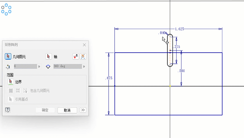 (可选)在“范围”部分中,单击“边界”,然后在画布中,在您定义的边界内单击。边界是绘制或投影的草图。指定有界阵列的包含方法。选择范围:
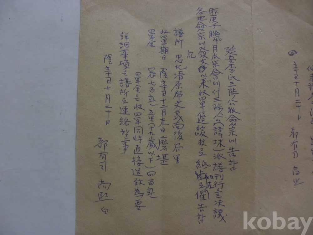 연안 이씨 삼보공파 - 파보간행 안내문 (신축년)
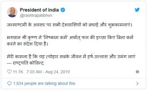 राष्ट्रपति ने ट्विटर पर लिखा, ‘जन्माष्टमी के अवसर पर सभी देशवासियों को बधाई और शुभकामनाएं। भगवान श्री कृष्ण ने ‘निष्काम कर्म’ अर्थात् फल की इच्छा किए बिना कर्म करने का संदेश दिया है। मेरी कामना है कि यह त्योहार सबके जीवन में हर्ष-उल्लास और उमंग लाएं।’

Instructions to follow: Your copy should hold exactly the lines from the line containing "연안 이씨 삼보공파 - 파보간행 안내문 (신축년)" through the last line of the listing above, both included, and no pictures.

Response to this task:
 연안 이씨 삼보공파 - 파보간행 안내문 (신축년)
 राष्ट्रपति ने ट्विटर पर लिखा, ‘जन्माष्टमी के अवसर पर सभी देशवासियों को बधाई और शुभकामनाएं। भगवान श्री कृष्ण ने ‘निष्काम कर्म’ अर्थात् फल की इच्छा किए बिना कर्म करने का संदेश दिया है। मेरी कामना है कि यह त्योहार सबके जीवन में हर्ष-उल्लास और उमंग लाएं।’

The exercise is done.